Other technologies are in development around the world, and the relatively new technology of induced pluripotent stem cells (iPSCs) involves the engineering of, for example, skin cells to become stem cells and then NK cells.
This process utilizes a very rich source of raw material; however, Jordansen refers to research from Japan (a leader in iPSC technology) that raises the possibility of the cells inadvertently transforming into other cell types. iPSCs can be grown in conjunction with cancer feeder cells, and the cells have changed their morphology three times. That creates the risk that the cells will spontaneously differentiate and become cancer cells.
“iPSC is a cell line which takes months to grow. The longer the growth period, the less toxicity the cells have, so a very large number of cells are required for cancer treatment,” explained Jordansen.
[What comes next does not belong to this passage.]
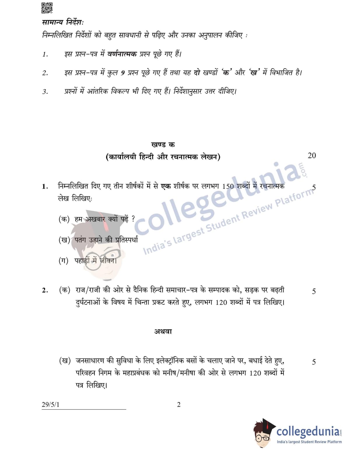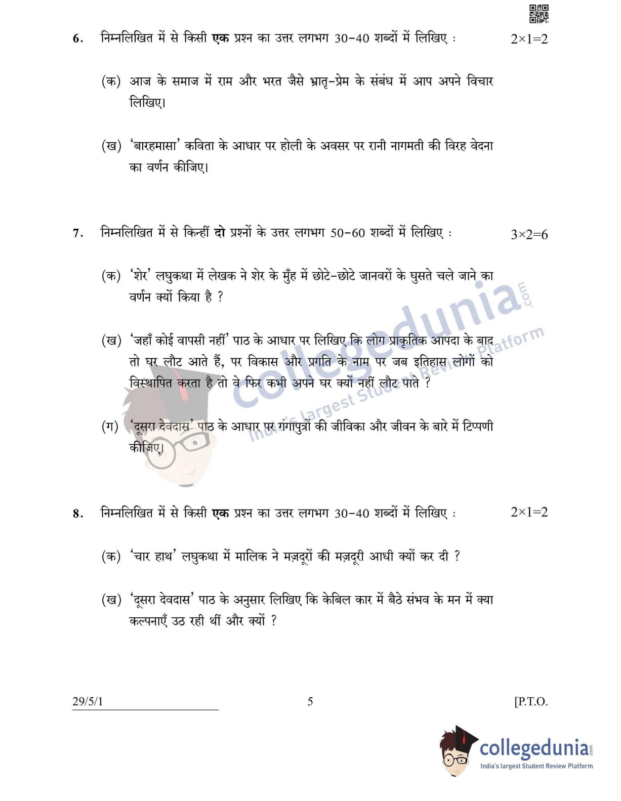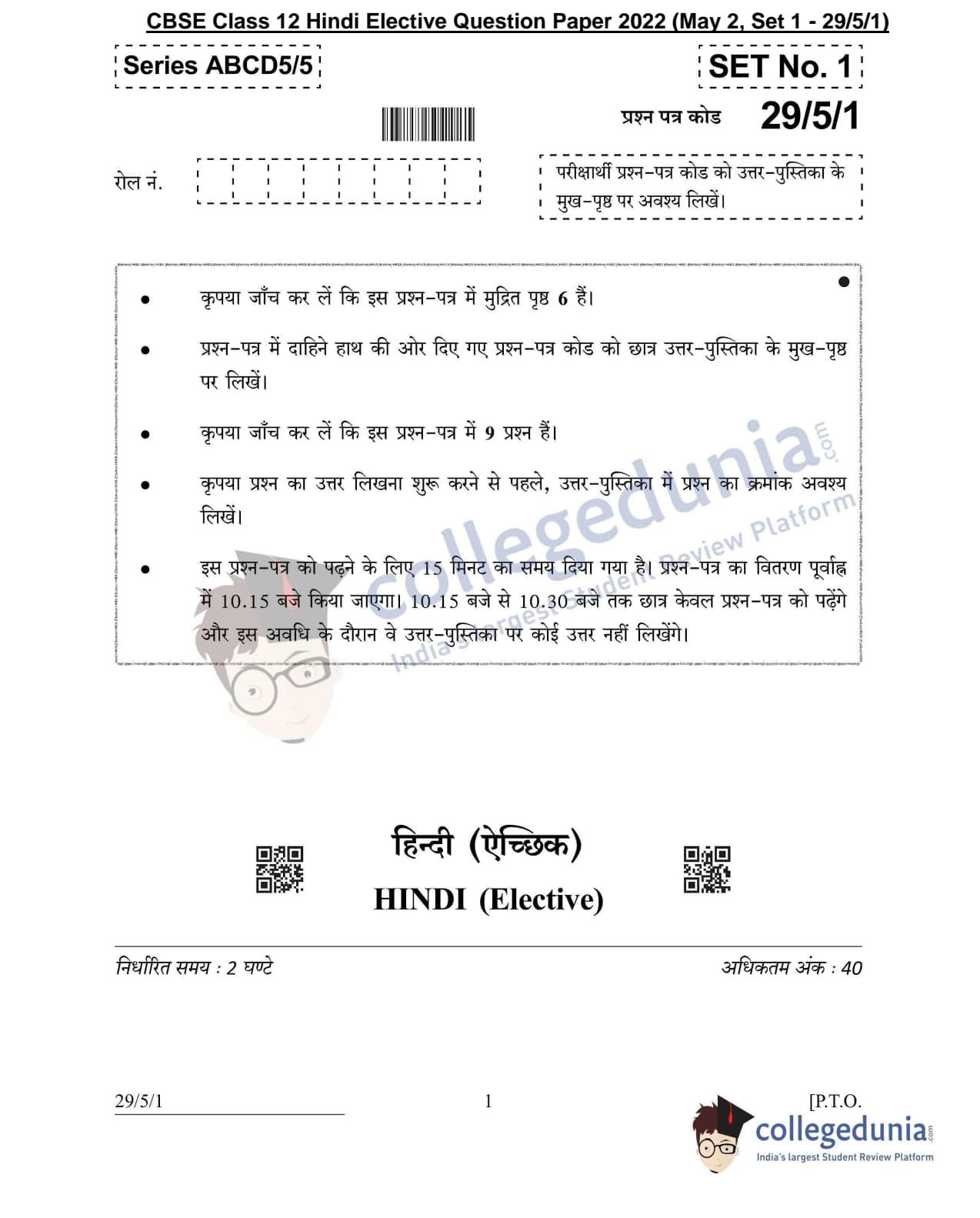CBSE Class 12 Hindi Elective Set 1 - 29/5/1 Question Paper 2022 with Answer Key (May 2)

Allogeneic NK cells ready at the bedside
Allogeneic NK cells can be quickly produced for more than one patient and held ready in hospitals. CAR-T cell therapies are autologous, and while there have been some very early clinical trials with allogeneic T cells, Jordansen believes it may take about a decade before such trials succeed. “As autologous CAR-T cells take between 2 and 4 weeks to be returned to patients, it is estimated that about 15% of patients die while on the waiting list,” Jordansen said. “Because of the side effects of CAR-T cell therapy, particularly cytokine release syndrome, about 80% of patients are transferred to intensive care units.”
As it is patient-specific, CAR-T cell therapy is very costly to produce, whereas Glycostem can produce naked NK cells for between five and eight patients receiving oNKord or 25–40 patients receiving CAR-NK from a single umbilical cord.
In 2 years, that patient number should rise to between 15 and 20 patients on oNKord or 75–100 patients on CAR-NK, meaning the cost per patient will drop dramatically. The NK cells are very pure, containing hardly any measurable T or B cells, which frequently play a role in the side effects and mortality associated with allogeneic stem cell therapy.
The phase 1 clinical trial of oNKord also showed that matching on human leukocyte antigen (HLA) and killer cell immunoglobulin-like receptor (KIR) is not necessary with oNKord.
“If you have to match on HLA and KIR, you need a large number of batches in order to match all the HLA variations in any population. Our NK cells have very little expression of KIR on the surface, so KIR matching is not something that needs to be considered,” concluded Jordansen.
This means that oNKord cells can be held in Glycostem’s biobank and shipped to any patient anywhere in the world, or held in hospitals. Glycostem is open to developing collaborations and has a strategy that enables partnerships to develop combination therapies or second-generation products.